• _PROBLEM TO WORK ON_: Below are the records; give again exactly the line with "株高通常30厘米以内,茎直立", the line with "животное через зонд.", and each line that lies between them, and nothing besides.

• _DATA PROVIDED_:
★ ★ ★

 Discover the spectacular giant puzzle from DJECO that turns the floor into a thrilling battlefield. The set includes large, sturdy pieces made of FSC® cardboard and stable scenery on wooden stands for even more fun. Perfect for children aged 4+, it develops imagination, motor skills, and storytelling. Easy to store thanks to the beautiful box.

★ ★ ★

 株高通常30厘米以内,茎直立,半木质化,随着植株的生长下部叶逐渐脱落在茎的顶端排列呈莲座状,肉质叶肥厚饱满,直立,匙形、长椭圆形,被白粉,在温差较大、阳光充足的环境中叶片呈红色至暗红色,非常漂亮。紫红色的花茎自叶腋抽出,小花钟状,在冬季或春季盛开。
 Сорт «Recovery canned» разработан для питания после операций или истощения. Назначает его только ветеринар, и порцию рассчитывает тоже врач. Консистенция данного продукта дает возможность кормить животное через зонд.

★ ★ ★

• _YOUR SOLUTION_:
 株高通常30厘米以内,茎直立,半木质化,随着植株的生长下部叶逐渐脱落在茎的顶端排列呈莲座状,肉质叶肥厚饱满,直立,匙形、长椭圆形,被白粉,在温差较大、阳光充足的环境中叶片呈红色至暗红色,非常漂亮。紫红色的花茎自叶腋抽出,小花钟状,在冬季或春季盛开。
 Сорт «Recovery canned» разработан для питания после операций или истощения. Назначает его только ветеринар, и порцию рассчитывает тоже врач. Консистенция данного продукта дает возможность кормить животное через зонд.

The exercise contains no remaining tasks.